There are a number of reasons why I’m blogging about this topic today. So let me start off by pointing out the obvious – if you’re trying to avoid attention of any kind, don’t post air your dirty laundry online because you are going to be overwhelmed by good and bad press whether you like it or not. In the case of the BYU student who posted this online in response to a note she received from a fellow student about a perceived violation of the school’s honor code, I’m guessing this poor girl is second-guessing her decision that has led to her sudden notoriety.

When I first saw the teaser on the local news the first thing that crossed my mind was a question that I’ve often asked myself – ‘Why would someone enroll in a school that holds you to a higher moral standard if you’re just going to criticize and question the honor code that you agreed to abide by?’ As I said earlier, it was my first reaction. It’s always my first reaction because from my own experience this has always been and will always be a hot topic of discussion and contention for obvious reasons – being modest and living by a higher moral code is not a policy of most colleges and universities around the globe. But BYU requires it of its students, faculty, staff and administration. It is based on the fundamental teachings and doctrines of the Church of Jesus Christ of Latter-Day Saints. If this is a big selling point for you while shopping around for the right university than this is a good place to pursue your education. However, if you are not keen on the stringent policies and codes of conduct, than you are better suited for a college that does not include the acronym’ BYU’ in its name.

It’s that simple. Unfortunately, some want their cake but they don’t want to bake it and they certainly are not going to partake either. In this case however, I completely jumped the gun because it was not Brittany Molina or the institution itself that had an issue with Brittany’s clothing – Nope, it was a fellow student who had an issue and felt compelled to point it out to Brittany, who unwittingly thought she was being handed a Valentine’s Day love letter.

We have heard this issue discussed a number of times from students enrolled at BYU for as long as the school’s stringent behavior code was implemented. Sadly, this is not the first time I have heard of another student taking ‘the law’ into their own hands at BYU and this leads me to my next point – some people have an opinion and feel the need to enforce or impose that opinion on others. I also have an issue with people who want to stand on a moral pedestal but do not have the intestinal fortitude to look another person in the eye and tell them to their face that they have a problem and would like to discuss it with them. Instead, the author of this note drops it in Ms. Molina’s lap and disappears; cowardly and craven.

On the one hand I get it – if we agreed to the university’s honor code than we should all live by it because nothing aggravates me more than people who try to circumvent policy for their own profit or gain. But I don’t see any problem with Ms. Molina’s attire and if someone is going to enforce the law it should be those who are tasked with enforcing it, namely BYU administration and faculty. If you have issue with it, speak to me directly (side note: I don’t wear leggings). I will listen to your opinion as an equal and decide on my own whether I have crossed the line or if I am within my rights according to the guidelines and policies as outlined by the institution.

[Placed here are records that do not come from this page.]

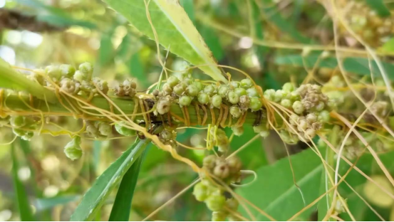 菟丝子又名无娘藤、无根藤、无根草,“橙黄丝儿草上缠,亦非金属亦非棉”,它是一种寄生有害植物,花卉苗木受害时,枝条被缠绕而产生缢痕,菟丝子的吸盘乘势在缢痕上生根,吸收植物营养,造成树势衰落,影响观赏效果,严重时还会造成嫩稍和全株枯死。
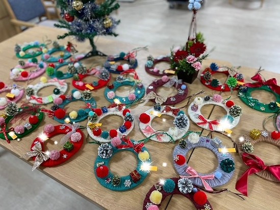 一つとして同じものがない…たくさんのクリスマスリース が完成いたしました
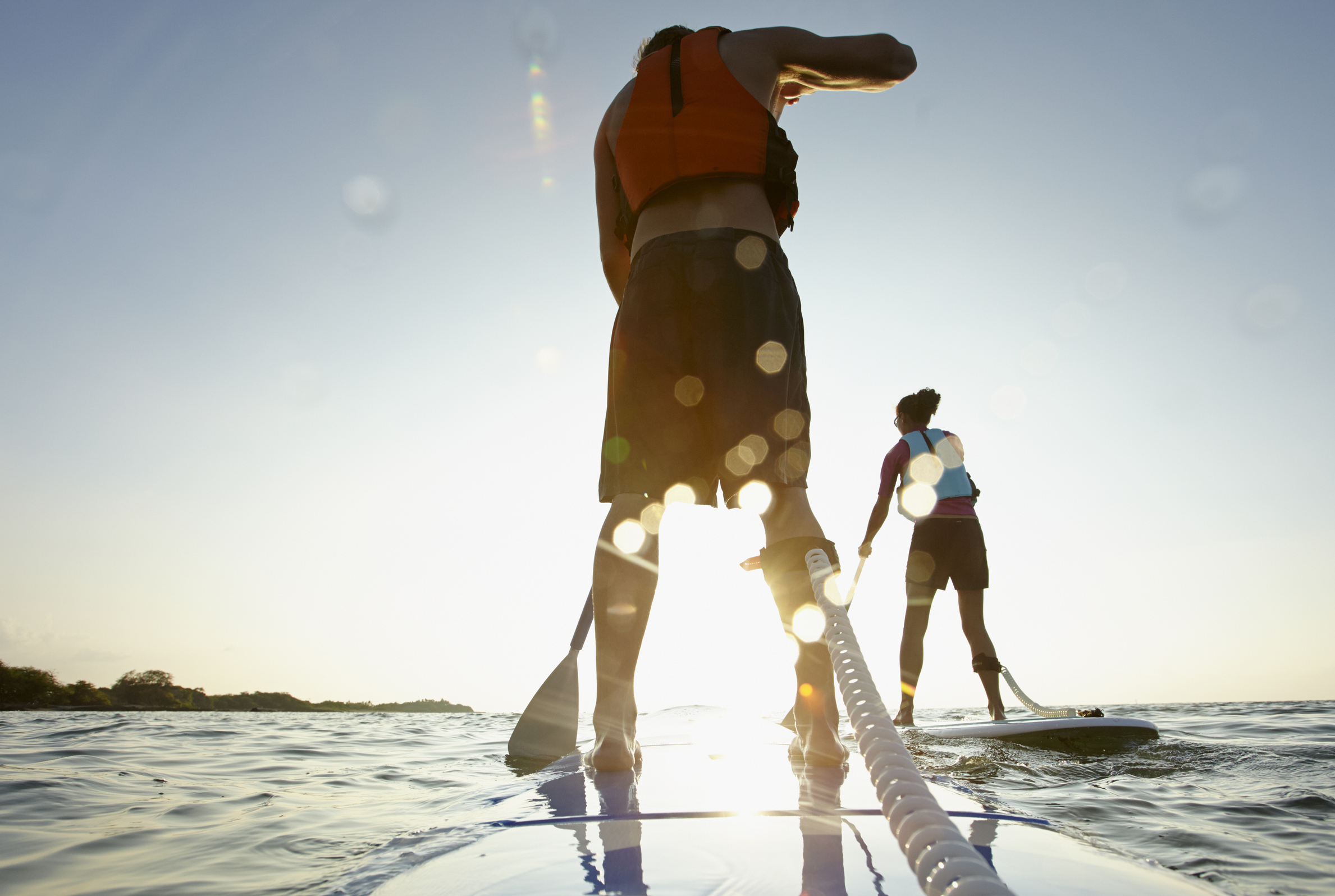 «Pour les débutants, je conseille les modèles gonflables Allround ou Freeride», dit Andreas. Ces planches ont une longueur de 10,4 à 11,6 pieds (1 pied équivaut à 30,48 cm). «Le paddle idéal a le nez rond. Si vous pesez moins de 60 kg, optez pour une planche large de 30 pouces; si votre poids se situe entre 60 et 80 kg, une largeur de 32 pouces est indiquée; les personnes avec des problèmes d’équilibre et pesant de 90 à 120 kg préfèreront les modèles de 34 pouces de largeur et de 12 pieds de longueur (1 pouce équivaut à 2,54 cm). Plus la planche est large, plus elle sera stable. Plus elle est longue, plus elle supportera de poids. Si vous êtes sportif et souhaitez entreprendre des tournois, choisissez un modèle Touring ou Race. «La planche rigide convient aux personnes qui pratiquent le SUP toute l’année».
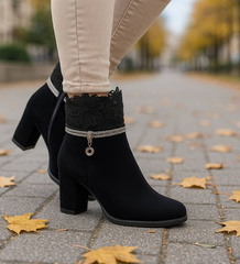 Damskie czarne botki na niskim obcasie /E10-3 12579 T145/
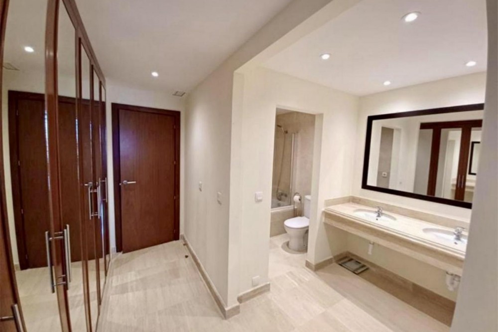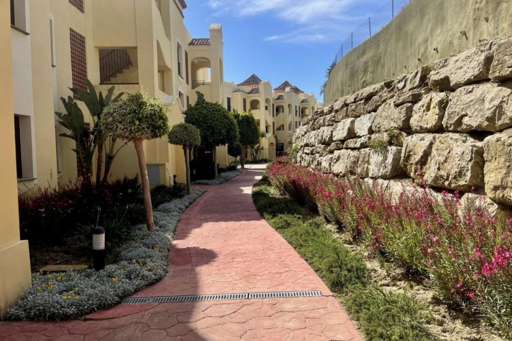 • This exceptional property is presented in a gated community, located in one of the most privileged areas of the Costa del Sol. This area is characterized by its tranquility and is one of the fastest-growing areas of Estepona, surrounded by prestigious golf courses and just five minutes from the beach, a private school, and a shopping area. The complex has two communal pools and a large green area. The property comprises two spacious double bedrooms, both with built-in wardrobes, two bathrooms, a fully equipped kitchen, a laundry room, a large living-dining room, and a spectacular 36-square-meter terrace with mountain views, offering great privacy for enjoying the outdoors year-round. It also features central air conditioning and mosquito nets on all windows. A parking space and a storage room are included. This property represents an excellent investment opportunity for rental or as a second home on the coast.
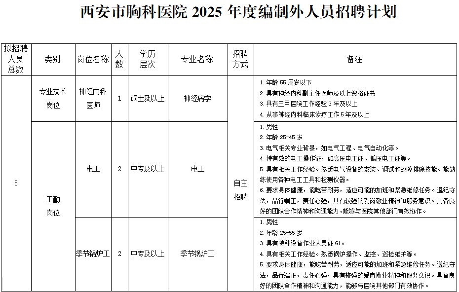 根据我院发展需要,本次招聘均为编制外招聘,招聘5名编制外聘用人员。具体招聘专业岗位及数量要求见《西安市胸科医院2025年度编制外人员招聘计划》。
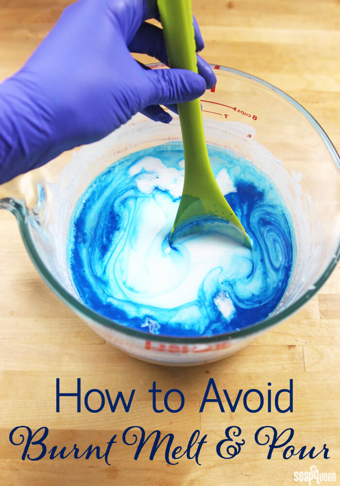Melt and pour soap is fun to customize with your favorite colors. If melt and pour burns, it can be difficult to incorporate color and fragrance. That’s because it can become gloppy or discolored. To prevent burning, make sure to melt your soap in the microwave on short bursts and stir frequently. Learn more in the How to Avoid Burnt Melt and Pour post.
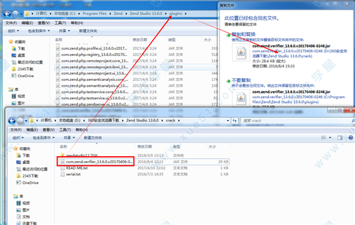 4、断掉网络,将解压文件中的com.zend.verifier_13.6.0.v20170406-0246.jar文件复制到软件安装目录下的plugins目录下,点击复制和替换
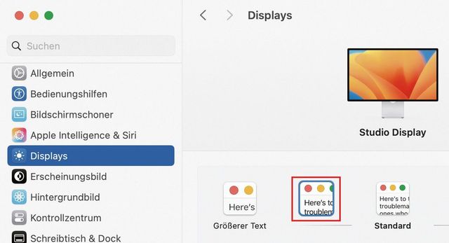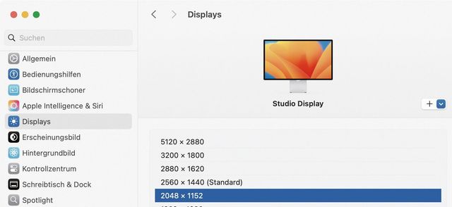 Doch manchmal geht es nur darum, spontan etwas näher zu betrachten – auch wenn man mit der Darstellung sonst zufrieden ist. Wird ein hochauflösendes Display verwendet, wie sie in den MacBooks oder im Apple Studio Display verbaut sind, lässt sich erstaunlich nahe heranzoomen, um Texte lesbarer oder Details besser erkennbar zu machen.

On the other hand, placing your trust in the court of popular opinion puts you at risk for a backlash and a firestorm that you may not be prepared for, especially if you are a college student who just wants to earn a degree and move on with life under the relatively safe cloak of anonymity. I applaud her for her courage, but sometimes you have to laugh at the foolishness of some people and leave it at that. With today’s pervasive and all-encompassing social networking tools, posting something as innocent as this often comes with inauspicious and unwanted results.

I think the bigger problem in this story is Brittany Molina’s misuse and abuse of the word ‘LIKE’.


2 thoughts on “WWYD – I’m sexy and I know it

  1. For a short time of my life I was tasked with the responsibility of enforcing the “honor code” in an ecclesiastic role and chose to take it head on in some cases. Reactions were mixed ranging from the immediate action and change to the other extreme of defensiveness and excuse making. My favorite excuse was “my professors haven’t said anything about it” to which I would reply “I would be happy to ask them for their opinion” or “Lets call the honor code office and ask for clarification”. Each year students have to renew their commitment to live the standards of the “honor code” by way of an interview with their ecclesiastical leader. I found that those who failed to honor their commitment (which they sign during the interview) and refused to comply, were often unable to keep other more important commitments or they were never fully committed from the start. BYU is a great place (this is coming from someone who bleeds red from the school up north) and I believe it is due in part to the commitment that the students have made to live a higher standard. Anytime you have that many young people in one place, all kinds of mischief can happen. The honor code helps to minimize it, I think it makes all the difference.

    1. Thanks for sharing that bit of information bro – I like the part about commitment because it really is what it all boils down to. It can be applied to every aspect of life. I think that when we fall into that mire of finding ways around the rules we easily fall into a bigger hole of making excuses for our behavior. Great comments.

      Oh and by the way, I always knew you had a blue heart. Go Utes!